Fully Automated, Machine Learning-based Assessment of Myocardial Extracellular Volume vs. Clinical Routine in a large CMR-cohort

Rebecca Elisabeth Beyer (Berlin)1, M. Huellebrand (Berlin)2, P. Doeblin (Berlin)1, A. Laube (Berlin)2, S. Werhahn (Berlin)1, S. Ching (Berlin)1, D. Hashemi (Berlin)1, K. J. S. W. Weiß (Berlin)1, A. Hennemuth (Berlin)2, S. Kelle (Berlin)1

1Deutsches Herzzentrum der Charite (DHZC) Klinik für Kardiologie, Angiologie und Intensivmedizin | CVK Berlin, Deutschland; 2Deutsches Herzzentrum der Charité Institut für Computer-assistierte kardiovaskuläre Medizin Berlin, Deutschland

 

Background: Cardiovascular Magnetic Resonance (CMR) imaging provides an indispensable tool in assessing myocardial tissue composition and function. With extracellular volume (ECV) quantification it offers a non-invasive means to assess myocardial fibrosis, interstitial expansion, and overall tissue health. Conventional ECV measurement involves a multi-step process of motion correction and manually contoured pre- and post-contrast mapping. We tested a fully automated, machine learning-based ECV assessment in a large routine clinical cohort.


Methods:
We retrospectively analyzed 868 patients that had visited our center between 2015 and 2020, and which had T1 mapping obtained and a point of care or laboratory hematocrit within 24 hours of scanning available. Native and enhanced T1 images were acquired using the modified look locker (MOLLI) sequence in a 3T (Ingenia, Philips Healthcare) and a 1.5T scanner (Achieva, Philips Healthcare). Regions of interest were manually drawn in the basal septum and the blood pool according to the guidelines. ECV was calculated using the established formula.

Development of the automated assessment followed an iterative process. Applying an expert-in-the-loop approach, U-nets were trained for segmentation of the relevant structures such as endo- and epicardial borders. Papillary muscles were removed from the blood pool mask using Otsu‘s thresholding method. Landmark extraction of right ventricular insertion points allowed generation of a septum mask, which was subsequently shrunk by one voxel to avoid overlap with the blood pool and thus, reduce the influence of partial volume effects.

Agreement between the two methods was assessed by Bland-Altman analysis and for performance of classification a contingency table was provided.


Results:
The studied patient population was evenly distributed among the two scanners. ECV was slightly higher in 3T (p=0.013). As shown in Figure 1, automated ECV values of the entire myocardium (mean 1.08, limits of agreement (LoA) 7.20 - 5.05) and the septal myocardium (mean 1.60, LoA 10.88 - 7.68) showed good agreement with clinical ECV. With automated segmentation of the septum, 794 patients were classified correctly (631 as negative with ECV ≤30% and 162 as positive with ECV > 30%), while 70 patients would have been false positives (false positive rate = 8.06%), only 5 would have been classified as false negatives (false negative rate = 0.58%). Outliers were appreciated and inferior image quality or artifacts were identified as primary limitation leading to inaccurate segmentation.


Conclusion:
The proposed machine learning-based approach provides a fully automatic and fast assessment of global and septal ECV in CMR with good agreement to manually drawn, conventional ECV measurement. 

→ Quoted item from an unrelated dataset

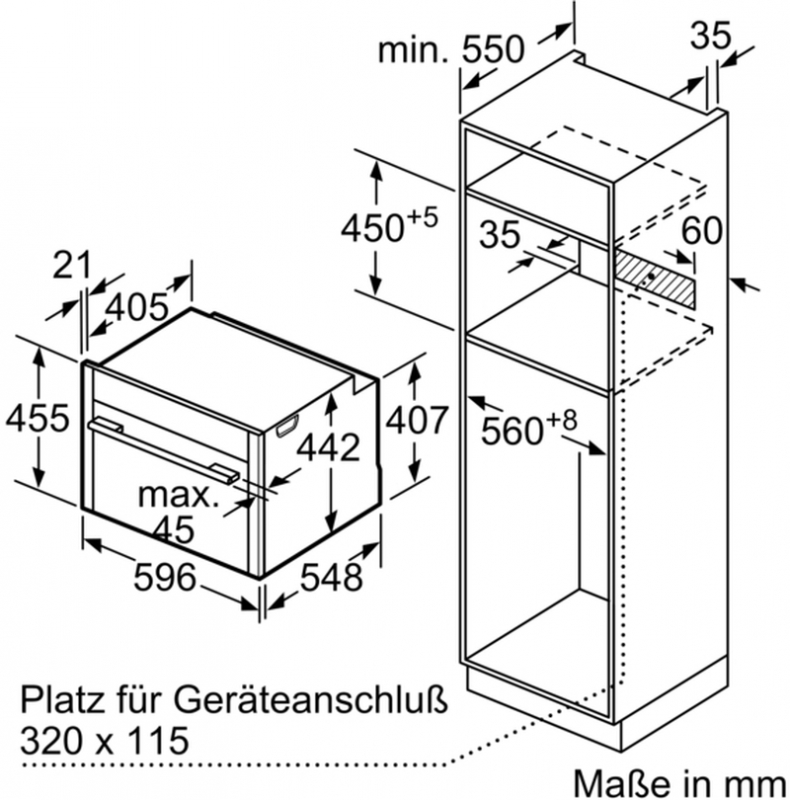 • Nischenmaße (HxBxT): 455 mm x 560 mm x 550 mm

Table 1. Patient Characteristics

 

Field Strength

 

1.5T

n = 4181

3T

n = 4501

Age (years)

50 ± 17

52 ± 17

Female

248 (59%)

278 (62%)

BSA (m2)

1.95 ± 0.23

1.99 ± 0.25

Hematocrit (%)

42.1 ± 5.7

42.6 ± 5.4

LVEDD (mm)

55 ± 8

54 ± 9

LVEDV (ml)

173 ± 69

167 ± 70

LVEF (%)

53 ± 13

54 ± 13

Septum (basal, mm)

10.1 ± 5.2

10.4 ± 4.8

ECV (%)

27.6 ± 5.6

26.9 ± 6.1

1 Mean ± SD; n (%)

  


 

Figure 1: Bland-Altman plots show the agreement of the different automated segmentations (2A Shrunken Myocardium; 2B Shrunken Septum) with the  manually measured ECV in clinical routine. 2C displays the contingency table indicating patient classification using fully automated ECV (ECV is considered elevated and here positive, if ECV is >30%).